473,379 Members | 1,253 Online
Bytes | Software Development & Data Engineering Community
Post Job

Home Posts Topics Members FAQ

Join Bytes to post your question to a community of 473,379 software developers and data experts.

XmlTextReader, parsing, space as data

I just ran across this.
#1 <DBColumn> 1 </DBColumn>
#2 <DBColumn> </DBColumn>
The data for #1 will be parsed and returned as " 1 ". I get a sequence of
Element/Text/EndElement.
The data for #2 will not be returned. I get a sequence of
Element/Whitespace/EndElement.

Why is the data (which happens to be spaces) between my start and end tags
being misinterpreted?
TIA

Nov 12 '05 #1
11 1908
Hi Kenneth,

First of all, I would like to confirm my understanding of your issue. From
your description, I understand that you need to preserve whitespace in your
Xml document. If there is any misunderstanding, please feel free to let me
know.

The XmlTextReader only preserves white space that occurs within an
xml:space="preserve" context. So you need to add it to the parent node as
an attibute. If you're using an XmlDocument, you can simply set
PreserveWhitespace property to true before calling Load or LoadXml method.
You can check the following link for more information.

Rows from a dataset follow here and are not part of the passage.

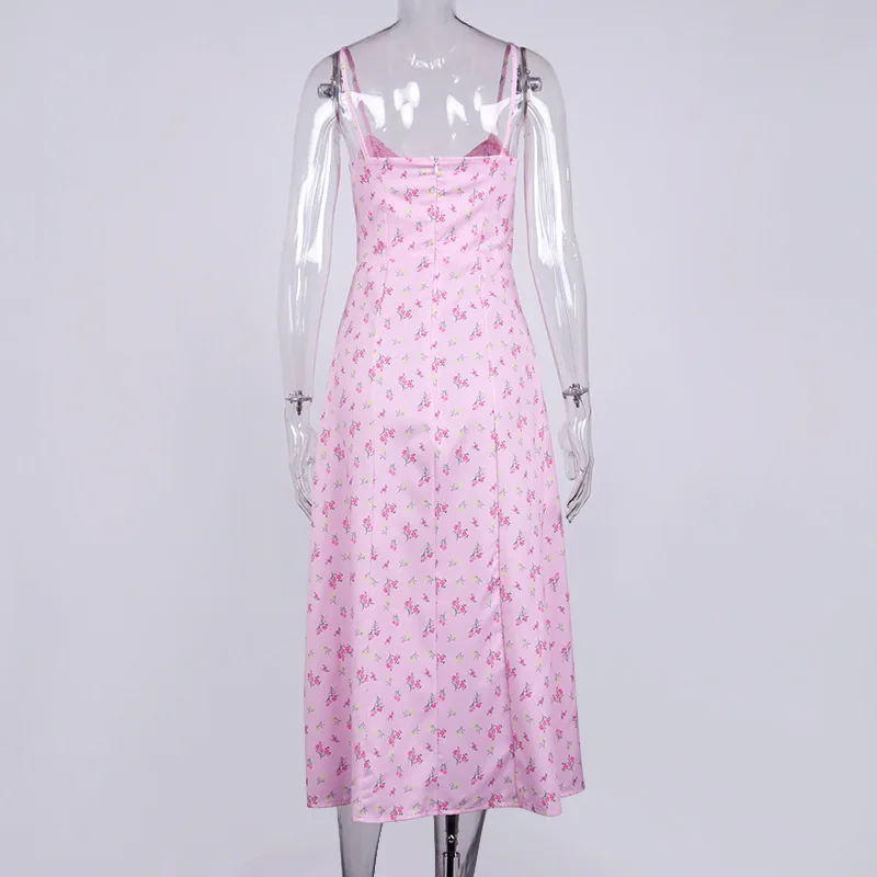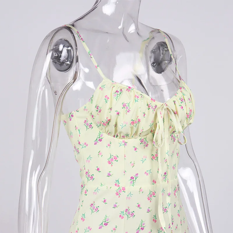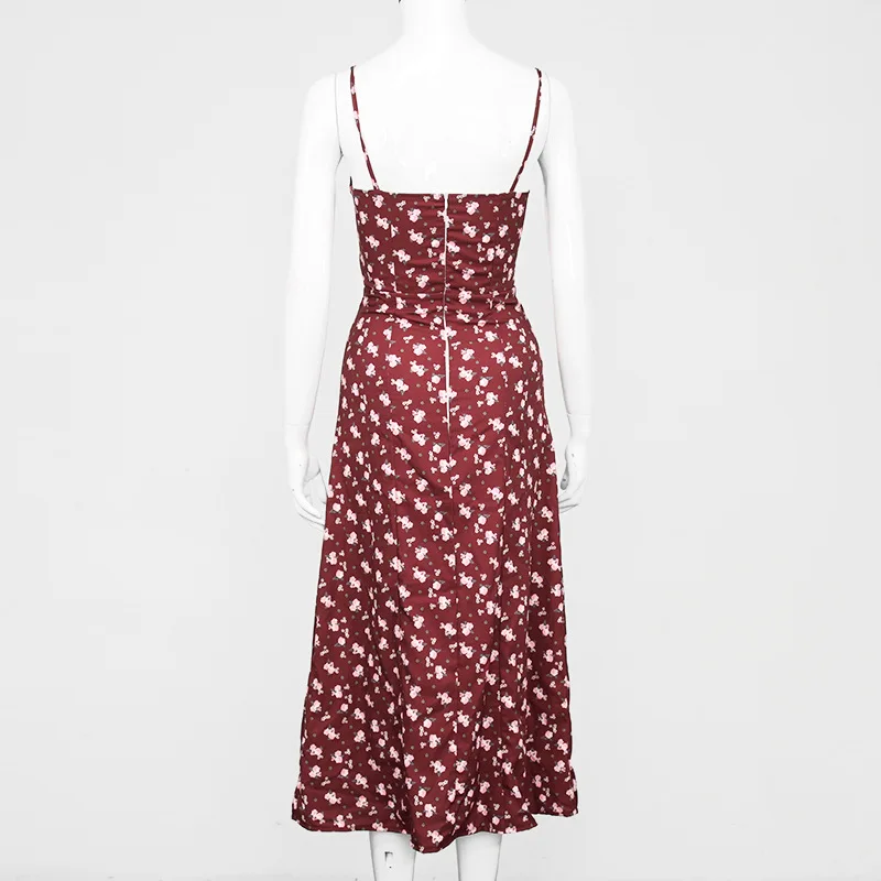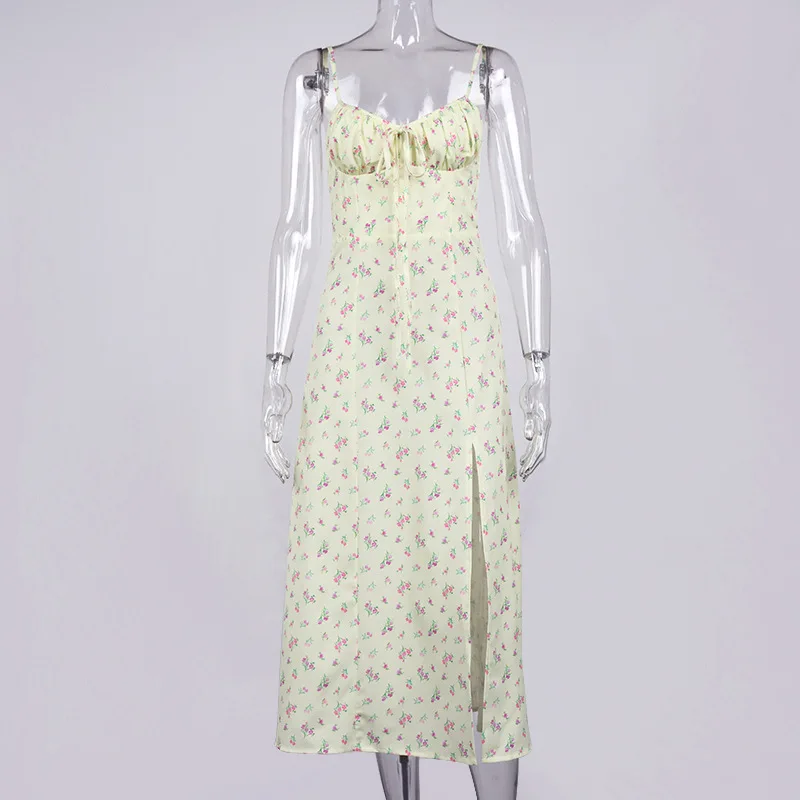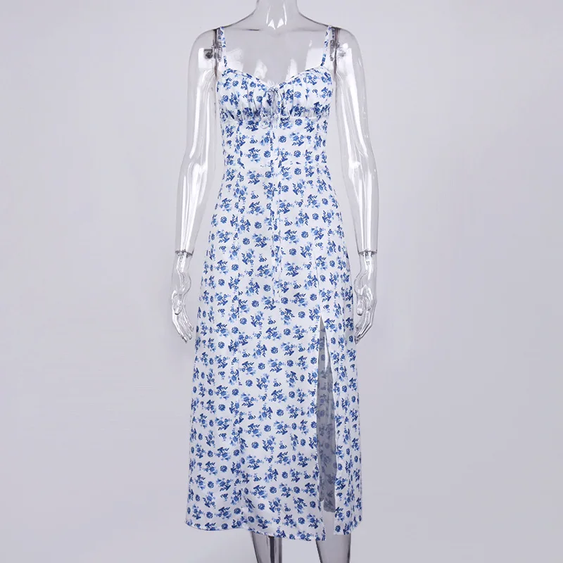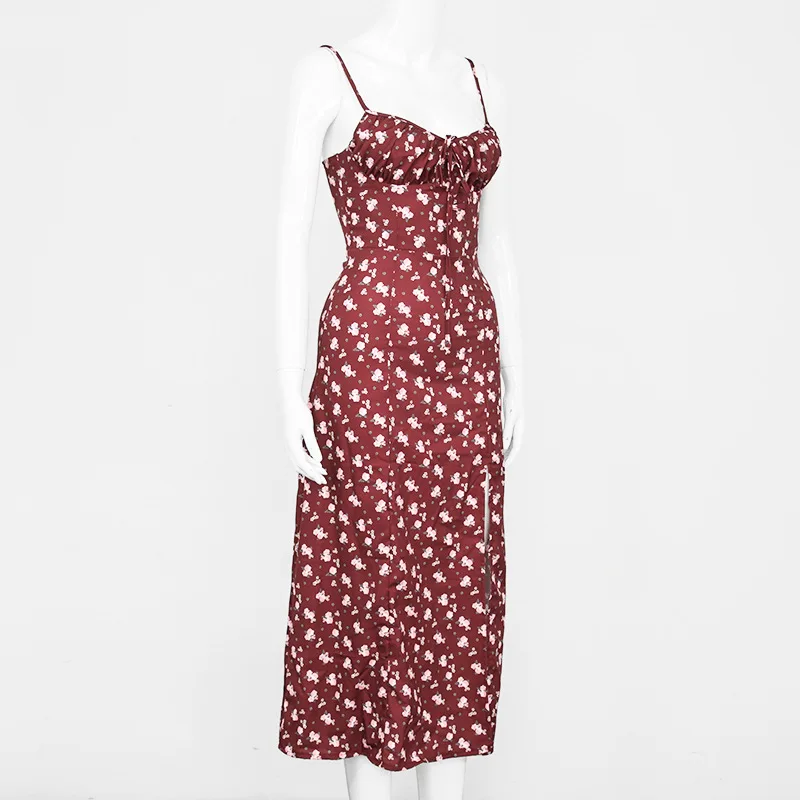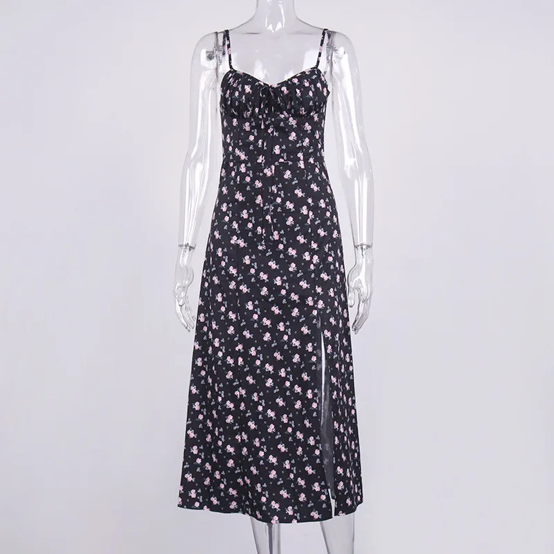 Fleepmart Autumn Sleeveless Vintage Floral Dress Women Casual Lace Up Front Print Dress Female Elegant Long Midi Party Vestidos Side Slit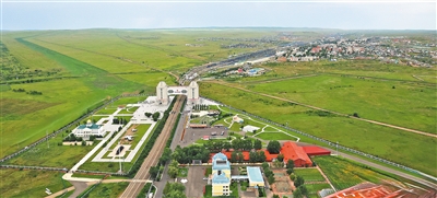 远观满洲里中俄公路口岸,建筑错落、车流穿梭,周边草原广袤,口岸的繁忙与开阔之景尽收眼底。记者 李新军摄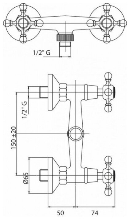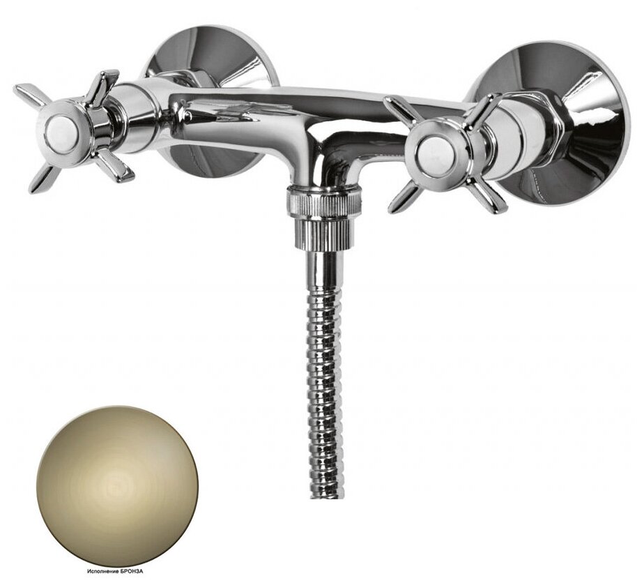 Смеситель для душа. Исполнение: Бронза. Ручки: Бронза. Излив отсутствует. Механизм: керамическая кран-букса. Отверстия для монтажа: 2 отверстия. Тип подводки: 1/2". Оснащение: эксцентрики.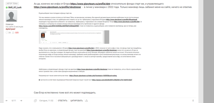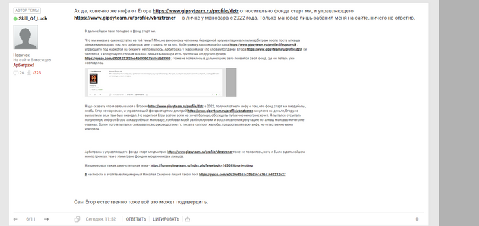 2) инфа от Егора https://www.gipsyteam.ru/profile/dztr относительно фонда старт ми, и управляющего https://www.gipsyteam.ru/profile/vbnztrener - Егор в 2022 году сообщил мне что фонд старт ми пиздаболы, и управляющий фонда старт ми дмитрий https://www.gipsyteam.ru/profile/vbnztrener кинул его на деньги, Егору не выплатили зп, и там был скандал. эта инфа в личке у мановара с 2022 года. Только мановар лишь забанил меня на сайте, ничего не ответив.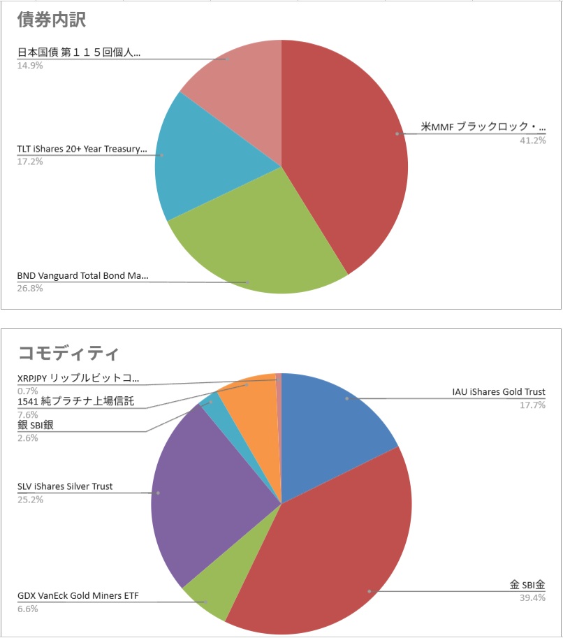 債券は米MMF、BND、TLT、日本国債をそれぞれ保有。コモディティは金銀プラチナをメインに保有。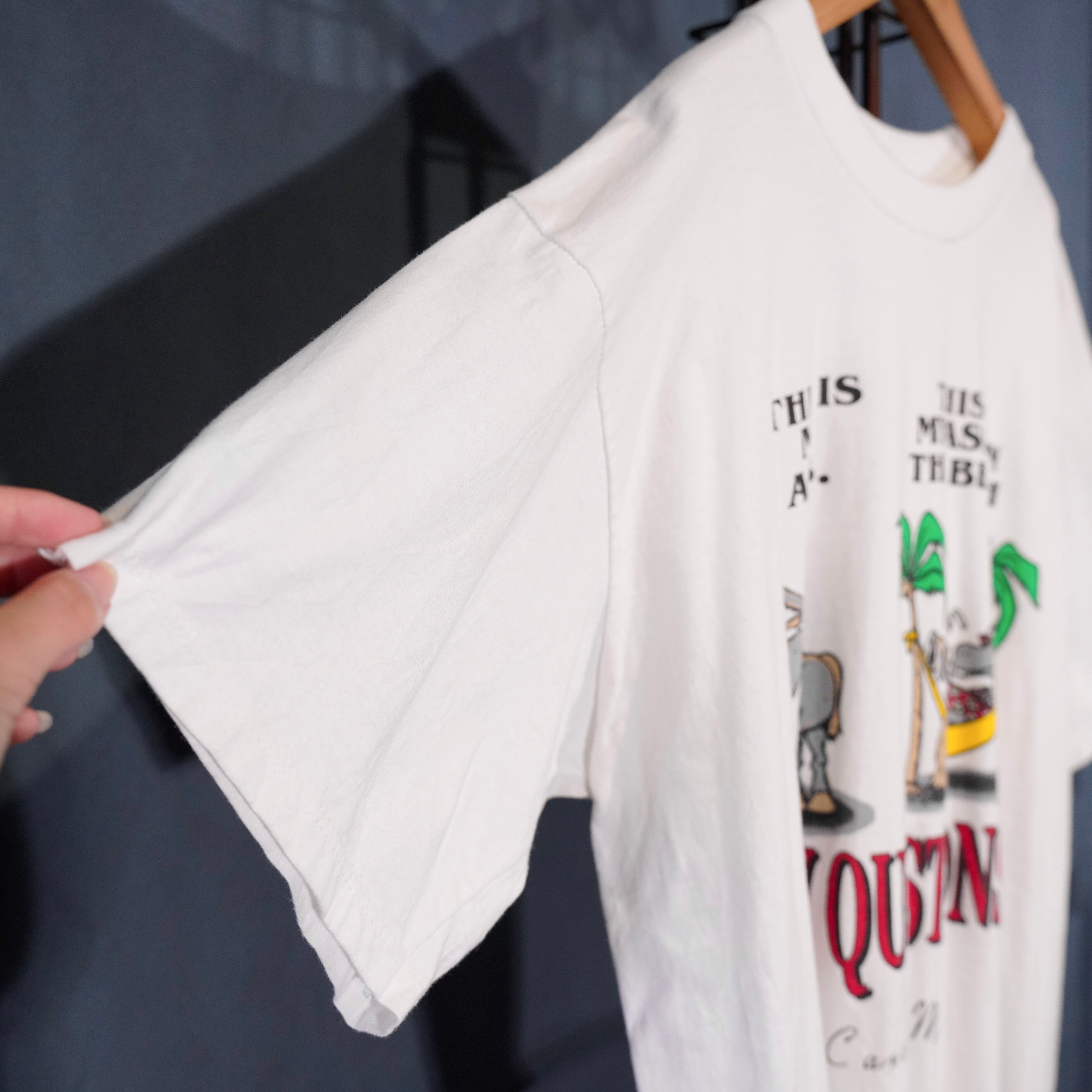 USA VINTAGE CANCUN CUZUMEL REEF ANY QUESTIONS? SLANG PRINT DESIGN T SHIRT/アメリカ古着スラングプリントデザインTシャツ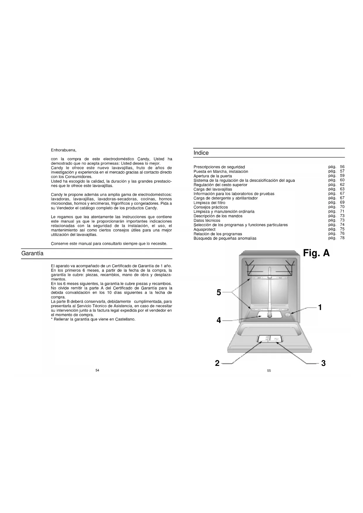 Enhorabuena, con la compra de este electrodoméstico Candy, Usted ha demostrado que no acepta promesas: Usted desea lo mejor. Candy le ofrece este nuevo lavavajillas, fruto de años de investigación y experiencia en el mercado gracias al contacto directo con los Consumidores. Usted ha escogido la calidad, la duración y las grandes prestacio- nes que le ofrece este lavavajillas. Candy le propone además una amplia gama de electrodomésticos: lavadoras, lavavajillas, lavadoras-secadoras, cocinas, hornos microondas, hornos y encimeras, frigorîficos y congeladores. Pida a su Vendedor el catálogo completo de los productos Candy. Le rogamos que lea atentamente las instrucciones que contiene este manual ya que le proporcionarán importantes indicaciones relacionadas con la seguridad de la instalación, el uso, el mantenimiento así como ciertos consejos útiles para una mejor utilización del lavavajillas. Conserve este manual para consultarlo siempre que lo necesite. El aparato va acompañado de un Certificado de Garantía de 1 año. En los primeros 6 meses, a partir de la fecha de la compra, la garantía le cubre: piezas, recambios, mano de obra y desplaza- mientos. En los 6 meses siguientes, la garantía le cubre piezas y recambios. No olvide remitir la parte A del Certificado de Garantía para la debida convalidación en los 10 días siguientes a la fecha de compra. La parte B deberá conservarla, debidamente cumplimentada, para presentarla al Servicio Técnico de Asistencia, en caso de necesitar su intervención junto a la factura legal expedida por el vendedor en el momento de compra.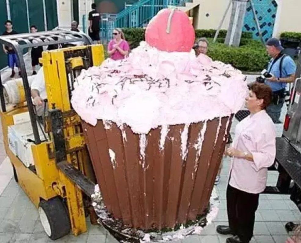 - Membawa cupcake raksasa ini saja harus pakai forklift, lho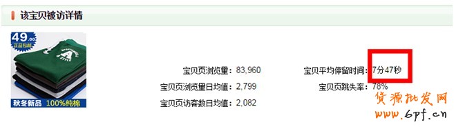 通過上面的數(shù)據(jù)可以看出,該寶貝的平均停留時間為7分鐘,并且跳失率低,說明產(chǎn)品的詳情頁還是比較符合買家喜好的。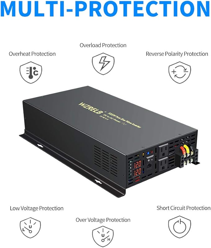 - WZRELB advantage: China's leading power inverter brand, provides 5000 watts continuous DC to AC power and 10000 watts instantaneous power, with LED displays for DC/AC voltages. Dual us outlets. 18-Months .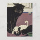 An Art Deco vintage illustration of a mother cat and her two kittens. The two are jumping on her tail.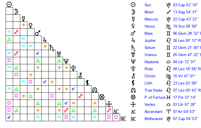 | Neptune | 4 Libra 13 | 29 Pisces 26 | 3 Libra 5 |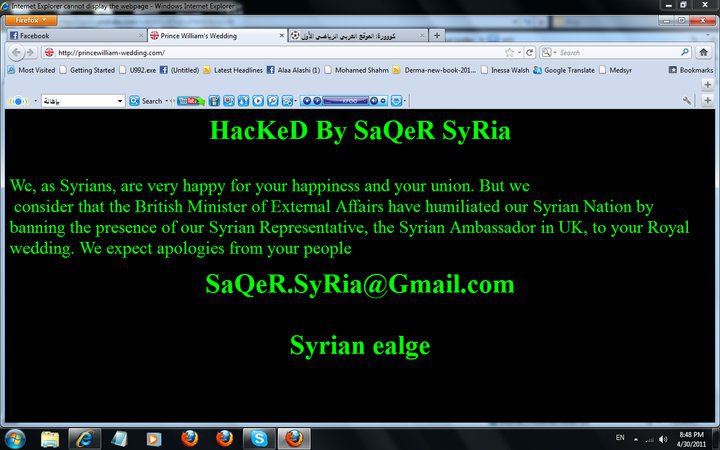 " الهاكر" الذي عرف عن نفسه باسم " صقر سورية " قام باختراق موقع لحفل زفاف الأمير البريطاني، وترك رسالة باللغة الانكليزية، على الصفحة الرئيسية للموقع، طالب من خلالها بأن يعتذر الشعب البريطاني عن سحب الدعوة لسوريا.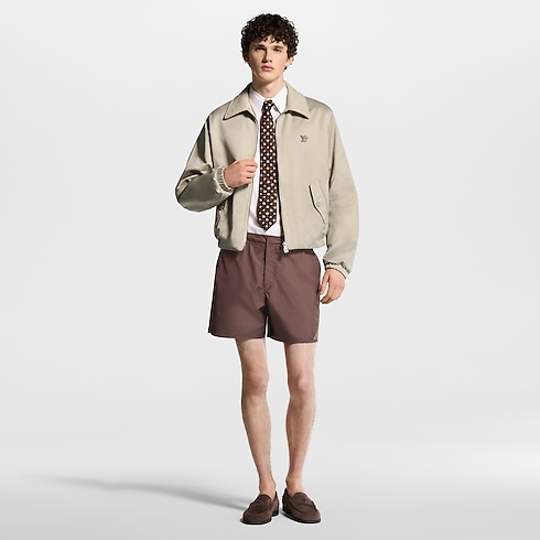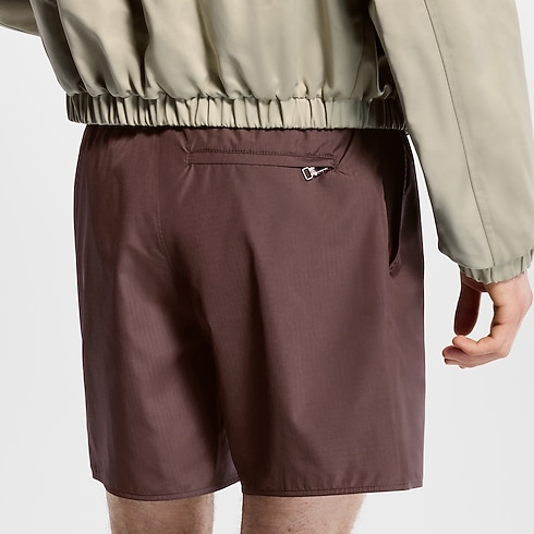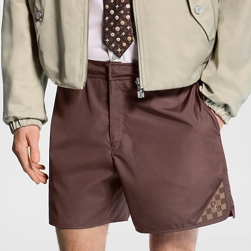 กางเกงว่ายน้ำสีน้ำตาลเข้มผ้า Ripstop เทคนิคอลคุณภาพเยี่ยม เติมเต็มบรรยากาศแห่งความหรูหราริมสระว่ายน้ำ ไอเท็มดีไซน์มินิมอลประดับแพตช์ซิลิโคน Damier Heritage และตัวอักษร LV สามมิติที่ขากางเกงด้านซ้าย มาพร้อมกระเป๋าแบบอิตาเลียนและซิปสวมสบาย กางเกงขาสั้นแมตช์กับลุคแคชวลและลุคสปอร์ตในวันว่างได้อย่างมีสไตล์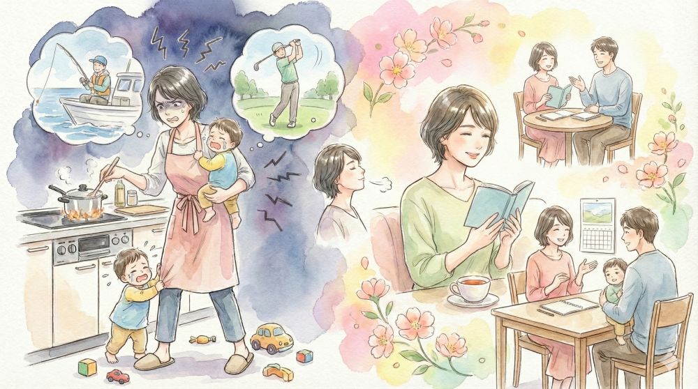この圧倒的な時間の非対称性が、「なんで私ばっかり我慢しなきゃいけないの!」という不公平感を生み、怒りの最大の原因になります。夫が趣味を楽しめば楽しむほど、あなたの心の中には「ずるい」という黒い感情が溜まっていくのです。

http://msdn.microsoft.com/library/de...us/cpguide/htm
l/cpconHandlingWhiteSpaceWithXmlTextReader.asp

Kevin Yu
=======
"This posting is provided "AS IS" with no warranties, and confers no
rights."

Nov 12 '05 #2
Kevin,

I only want the space (" ") within a data element, not between elements.
When my data has a non-space character in it, the space data is retrieved.
If I just have one or more spaces it gets written to XML but not pulled out.

#1 <DBColumn> 1 </DBColumn> <--- spaces retrieved
I get a sequence of Element/Text/EndElement.

#2 <DBColumn> </DBColumn> <--- just spaces, no data
retrieved
I get a sequence of Element/Whitespace/EndElement.
"Kevin Yu [MSFT]" wrote:
Hi Kenneth,

First of all, I would like to confirm my understanding of your issue. From
your description, I understand that you need to preserve whitespace in your
Xml document. If there is any misunderstanding, please feel free to let me
know.

The XmlTextReader only preserves white space that occurs within an
xml:space="preserve" context. So you need to add it to the parent node as
an attibute. If you're using an XmlDocument, you can simply set
PreserveWhitespace property to true before calling Load or LoadXml method.
You can check the following link for more information.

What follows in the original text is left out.